Первым делом мы отправились в Кобе к Роберту Янгу, редактору «Джапэн кроникл». Причаливая к пристани, мы увидели процессию с флагами, и, как нам объяснили знающие японский язык, на флагах были начертаны приветственные слова, адресованные мне. Оказалось, что в доках идет масштабная забастовка, а полиция не разрешила никаких демонстраций, за исключением приветственных, в честь знатных иностранцев. Таким образом, забастовщики воспользовались мной как щитом для своего выступления. Руководил ими христианский пацифист Кагава, который привел меня на митинг забастовщиков, где я выступил с речью. Роберт Янг — человек замечательный; он покинул Англию в 80-е годы и не был свидетелем разрушения своих идей. В его кабинете висел большой портрет Брэдлоу[23], чьим почитателем он был. Газета, где он работал редактором, кажется мне лучшей из всех, что я знаю, а начал он ее с десятью фунтами капитала, которые скопил из своего жалованья наборщика. Янг повез меня в Нару, изысканно прекрасное место, где можно еще увидеть старую Японию.
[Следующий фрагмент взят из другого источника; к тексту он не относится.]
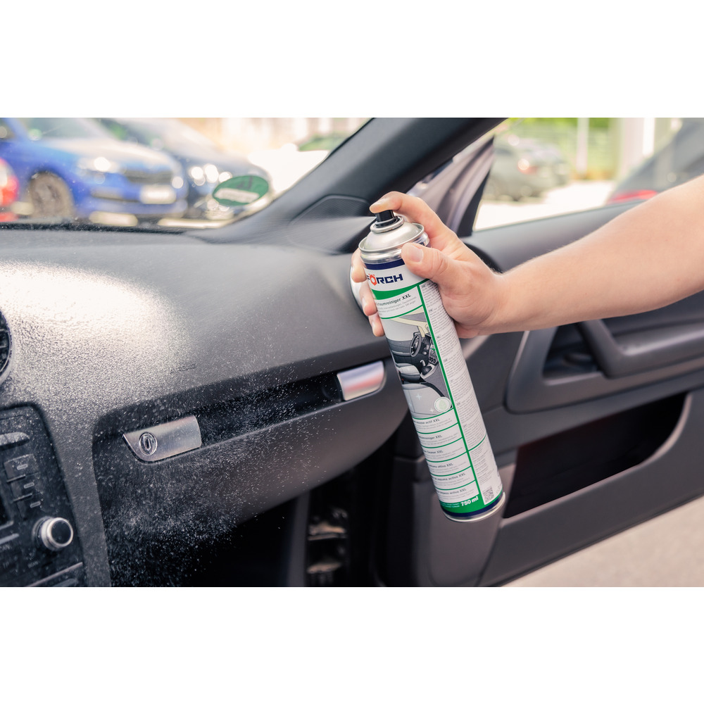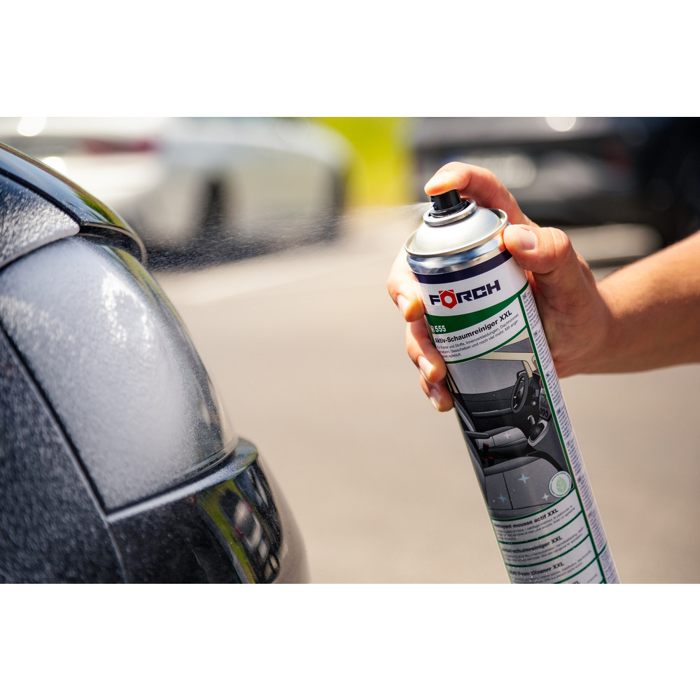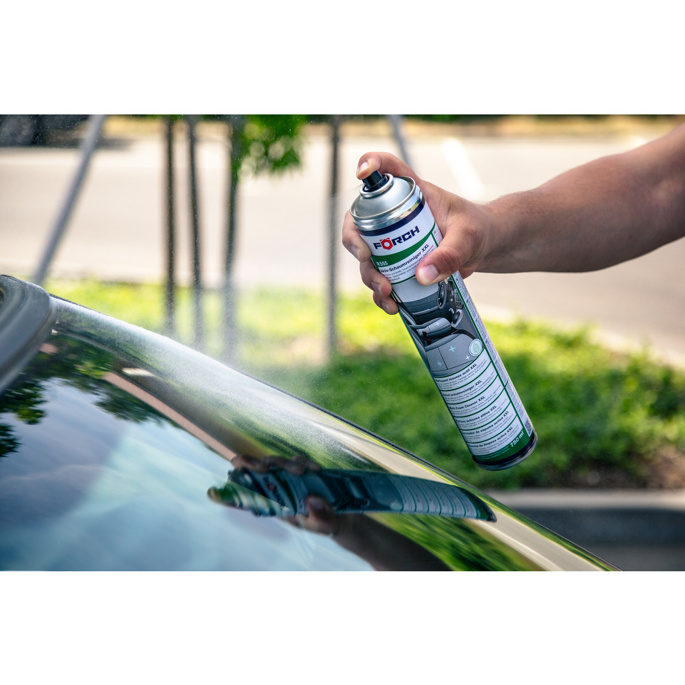 • Rovnomerne naneste aktívnu čistiacu penu XXL na čalúnenie, textílie, interiérové obloženie, strešný podhľad, armatúry, lakované a plastové diely a sklenené plochy a nechajte pôsobiť

Потом мы попали в руки редакторов современного журнала «Кайдзо», которые показали нам Киото и Токио, на каждом шагу предусмотрительно сообщая репортерам, куда мы двигаемся, так что те следовали за нами по пятам и фотографировали, даже когда мы спали. В обоих городах на встречу с нами они приглашали огромное количество профессоров. В обоих городах нас ни на минуту не вытекали из поля зрения шпионы, приставленные полицией. В гостиницах соседний номер всегда занимала полицейская бригада, оснащенная пишущей машинкой. Официанты относились к нам так, будто мы члены королевской семьи, и выходили из комнаты, пятясь задом. Едва мы произнесли нечто вроде «Черт бы побрал этого официанта», как за стенкой начинала стрекотать машинка. На профессорских вечеринках в нашу честь, едва я вступал с кем-нибудь в интересующий меня разговор, как незамедлительно просверкивала фотовспышка и беседа, естественно, замирала.